[Brothel Love Story]

Method
Artist Utagawa School
Published c.1840
Dimensions Chūhon. 180 x 120 x 6 mm
Notes Woodblock printed book. Ink and colour ink on paper. Fukuro-toji (bag-bound) binding. 20 pages. Decorative front cover portraying people looking through latticed brothel windows that have the blinds rolled down, male and female people in the foreground, followed by a page illustrated with a sake bowl and a box of hair ornaments, and introductory page of text, two double page colour illustrations, and seven single page illustrations all showing couples inside a Yoshiwara brothel, followed by a 26 page erotic story. Rubbing and soiling to covers with some loss to image and paper on the front cover, some rubbing and soiling on lower right and left corners of pages throughout.
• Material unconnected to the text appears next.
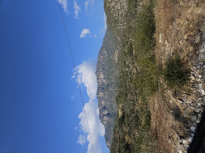 A mountain range rises sharply against a bright blue sky with scattered clouds. The mountain's terrain varies from rocky cliffs to green vegetation. Adjacent to the base of the mountain is a steep, arid slope with brown and tan foliage. A black line stretches across the sky, possibly an electrical wire. The overall scene captures the contrast between the sky, the rugged mountain, and the dry vegetation.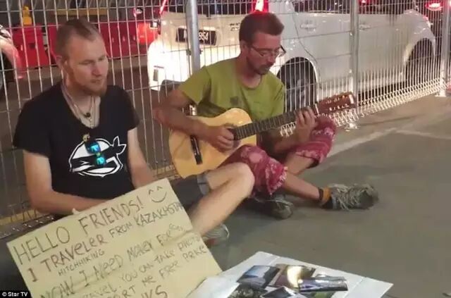 The first pair are sitting on the ground behind a cardboard sign that says " Support our trip around the world ”, and are peddling postcards. Other photos show a different young couple playing Pink Floyd and Guns 'N' Roses songs on the guitar and harmonica next to a cardboard sign with the same message.第一對席地而坐,面前擺著一個紙板,上面寫著“ 支持我們的環球旅行 ”,同時兜售著一些明信片。其他照片中顯示一對小年輕彈著吉他、吹著口琴,表演平克·弗洛伊德和槍砲玫瑰的歌曲,旁邊的紙板上寫著同樣的信息。

A rare shunga book depicting events in a Yoshiwara brothel. This depiction is not an accurate representation of what a man would experience in a brothel, but was intended to provide an affordable fantasy for the average Edo shunga purchaser.

Shunga is the term used for the body of erotic imagery produced in Japan from 1600 to 1900. The term shunga means spring pictures, a euphemism for sex, and is one of several names for erotic material produced in Japan. Shunga took different formats: painted hand scrolls, painted books, printed books and albums, and sets of prints which were sometimes sold in wrappers. As prints they are one of the genres of ukiyo-e, or Floating World prints, which also include fukeiga (landscape prints), and bijin-ga (prints of beautiful women). Most of the major ukiyo-e artists produced shunga material at some point during their careers, including Utamaro (who produced more erotic books than non-erotic books), Hokusai, and Hiroshige. Produced at the same time as the introduction of full colour woodblock printing, shunga prints and books were made using the most lavish and complicated printing techniques, including gauffrage, metallic inks, mica, complicated printed patterns, and multicolour printing using a high number of different colours. Although prolific in its number and variety, shunga should be seen as more representative of the ideals of the ukiyo, with its emphasis on mutual pleasure, rather than as an accurate representation of Japanese attitudes and practices of sexuality. Shunga present an invitation to pleasure through the bliss of lovemaking and though largely heteronormative, they portray the full gamut of couplings, married or otherwise, often surrounded by lavish settings and objects of pleasure.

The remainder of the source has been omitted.